I started contemplating a rewrite some time in December 2020. Github issues were piling up, and I could not keep up. Org-roam began as a simple (70 LOC) file-based linking system with a backlinks buffer, but it quickly accrued new features, many of which are brittle and interact poorly with each other. Org-roam v1 itself had gone through many redesigns, and it accumulated poor architectural decisions. For example, headline linking support was patched in, and many of the functions then had two separate code paths to support both files and headlines. I wanted to see if I could distill what I’ve learned building Org-roam v1 into a simpler, faster v2.

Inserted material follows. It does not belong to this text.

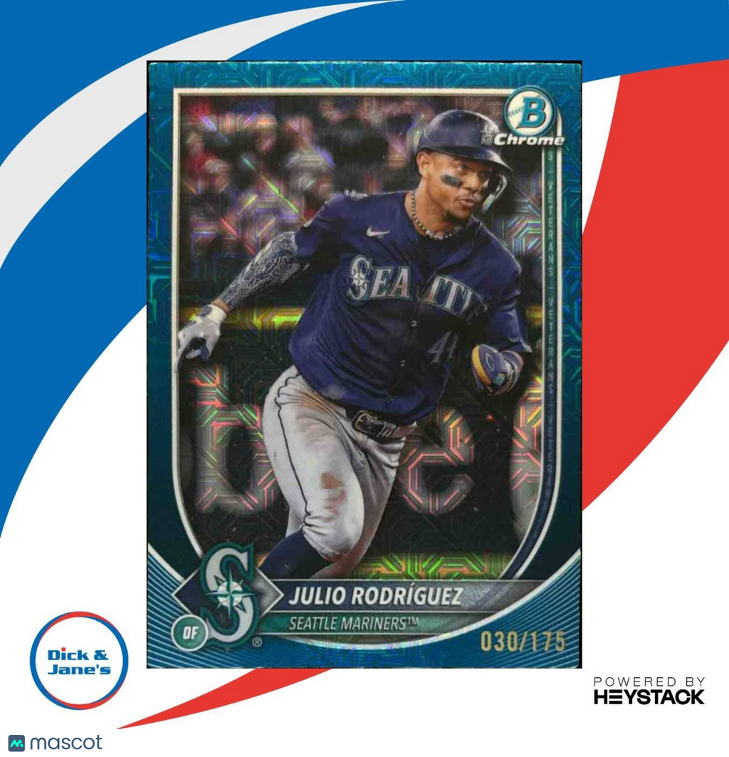 The 2025 Bowman Julio Rodriguez Mega Box Navy Refractor card is a rare find for Seattle Mariners fans. Limited to just 175 copies, this card features a stunning navy refractor design that will make any collector swoon. Don't miss your chance to own a piece of MLB history with this valuable trading card. Listed With Mascot.

Also, I’d like to take this opportunity to clarify what Org-roam means to me, and hopefully seeing things from my point of view will allow you to be more empathetic of the current situation. I’m less crazed about note-taking paradigms than most people think. I still use and maintain Org-roam because it removes the friction in taking, accessing and synthesizing notes, and to achieve this I only need to use a tiny subset of its features. This makes it difficult for me to maintain or fix user-contributed features. Being the sole maintainer is really really hard: beyond my full-time job I have little mental capacity left to comprehend and resolve these issues that I don’t have first-hand experience with. With Emacs Lisp being a tinkerer’s language, I’d expected more open-source contributions, but it is what it is. It’s incredibly fun to work with Emacs Lisp once you learn the ropes! There’s no other programming environment that lets you step through your code the way Emacs does. I guess this was also in part due to the codebase for Org-roam being incredibly huge, and a good part of it consisted of hacky extensions of Org: there were parts that I myself could no longer comprehend.

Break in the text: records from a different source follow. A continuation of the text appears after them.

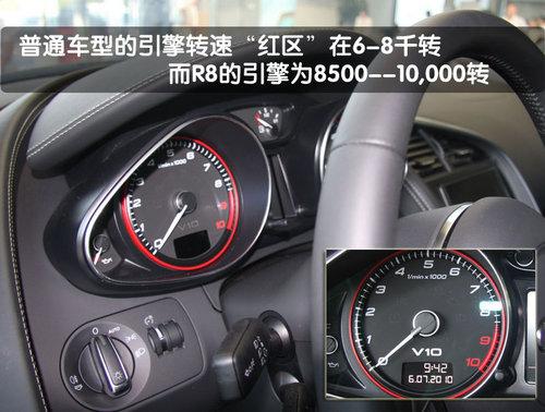 通過駕駛室內的轉速表可以看出,這臺發動機的轉速范圍可以達到最高9000轉,而“紅色區域”從8000轉才剛剛開始。也就是說有它別于一般的車輛,為了得到最佳的功率和扭矩輸出,讓R8的發動機保持在5-8千轉進行工作是相對合理的。這時,每一個聽到R8呼嘯的人也許都會說:“喔,我想那輛車一定非常棒!”奧迪R8提供了三幅真皮包裹的運動型方向盤,在10點和2點位置都有凸起從而方便駕駛員的抓握。多功能方向盤后方的換檔撥片可以在手動模式下實現類似F1賽車式的換檔方式。
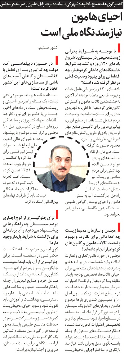 روزنامهٔ هفت صبح: احیای هامون نیازمند نگاه ملی است
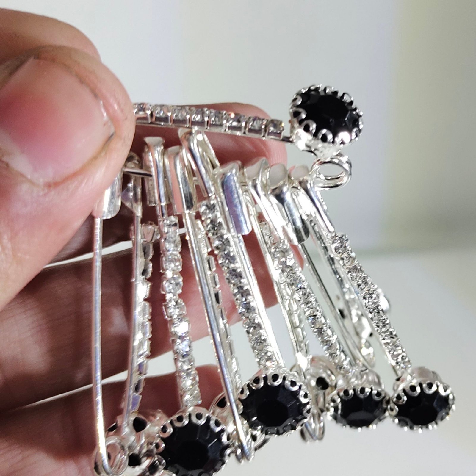 Add a touch of elegance and convenience to your traditional attire with our pack of diamond safety pins. Perfect for securing hijabs, saris, kurtis, and dresses, these pins are a must-have accessory for any wardrobe.

Part of this rewrite involves narrowing Org-roam’s scope, making it more manageable for me. The new Org-roam is designed to fulfill a singular purpose: it acts as dual representation to your plain-text Org-mode notes. It mirrors key information about your notes in a SQLite database, in a format that’s convenient for programatic queries. The main features (primarily creating and accessing notes) will continue to have first-class support. In addition, a public interface for accessing the database is provided, and some simple guidelines are laid for those who wish to build extensions on top of Org-roam.

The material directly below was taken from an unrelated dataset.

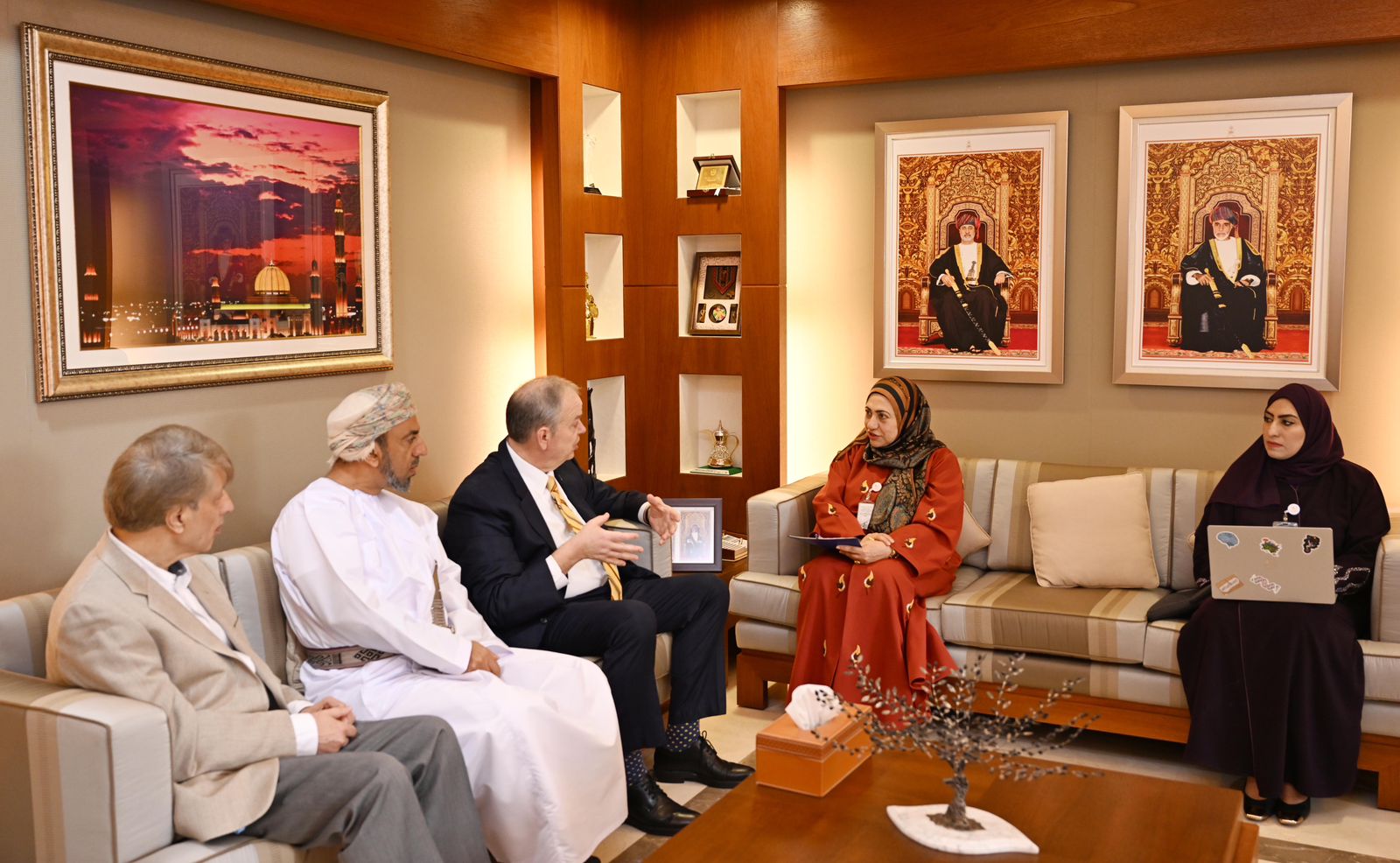 ورحبت معالي الأستاذة الدكتورة الوزيرة بالوفد متمنية لهم طيب الإقامة في سلطنة عمان، وبحث الجانبان تعزيز أوجه التعاون في مختلف المجالات ذات الصلة بالتعليم العالي والبحث العلمي والابتكار، وأكدت على رغبة الوزارة في توثيق العلاقات مع الولايات المتحدة الأمريكية عبر السفارة الأمريكية واللجنة المشتركة العمانية الأمريكية في إعادة فتح المجال للاستفادة من منح فول برايت بعد إيقافها لعدة سنوات.

With that, I can stay focused on keeping the core high quality, while those in the community who are more enthusiastic and exploratory about note-taking workflows can experiment with the public interface. This also allows me to be accountable to those who have shown support for my work. I hope that the restructuring will also invite more contributors.

What took me so long?

Because Org-roam v2 is a near complete rewrite, it provides a unique opportunity to make breaking changes. I wanted to get it right so users don’t have to jump through hoops to migrate their notes over again.

2021 hasn’t exactly been a great year for me either. I’ve been chugging along whenever I had the time and willpower, which turned out to be a rare combination. I am indebted to many of the users in the community for continuously demonstrating passion for the project, providing early feedback, and answering any queries. I’m not as active in Slack or Discourse as I’d like to be, but I do read them from time to time. I’m particularly grateful to Noboru (@nobiot), who has been relentless in helping users and writing documentation, a practice he’s been keeping up for a while now. Boris (@d12frosted) has also been influential in some of the early architectural decisions of v2. I also appreciate everyone who provided support, monetary or otherwise. I hope you like what v2 has to offer.

What’s different?

The key difference between v1 and v2 is that v2 makes no distinction between a file note and a headline note. In v2, Org-roam views notes in terms of nodes, where a node is any headline or top-level file with an ID. This means that IDs are now compulsory.

This one requirement reduces a lot of overhead. We no longer need special hooks maintaining the validity of file: links, and no longer have to treat headline and file notes differently. Org-roam v2 removes 7000 lines of code while only re-adding about 4000, and even ships with a few more features than Org-roam v1.

Other notable new features include:

Wtf bro you just broke my config

Some people seem to think that I don’t care about backwards compatibility, and I think it’s okay releasing breaking changes. I can assure you it brings me more pain than pleasure doing so. I’m expecting a tirade of “XXX is broken” from unknowing package upgrades. And guess who has to deal with that? That’s right. Me.

The crux of the issue is that there are now two versions of the same package, which operate very differently (file links vs id links) but are in fact very similar. The main difference is that one of them (v1) will no longer be actively maintained by me. And when I say no longer actively maintained by me, it really means no longer actively maintained, because… you know why. I created a PR to MELPA to provide the Org-roam v1 so both packages can be easily installed, but the MELPA maintainers make a fair point that MELPA shouldn’t really be distributing orphaned packages.

Therefore, only Org-roam v2 will be distributed on MELPA, under the same name. That means that if you unknowingly upgrade your package from MELPA and obtain v2, then your config will break. You’ll however see an obnoxious warning that you’re now on v2. Those who wish to use v1 can obtain it from the repo, but I encourage you to try give v2 a try.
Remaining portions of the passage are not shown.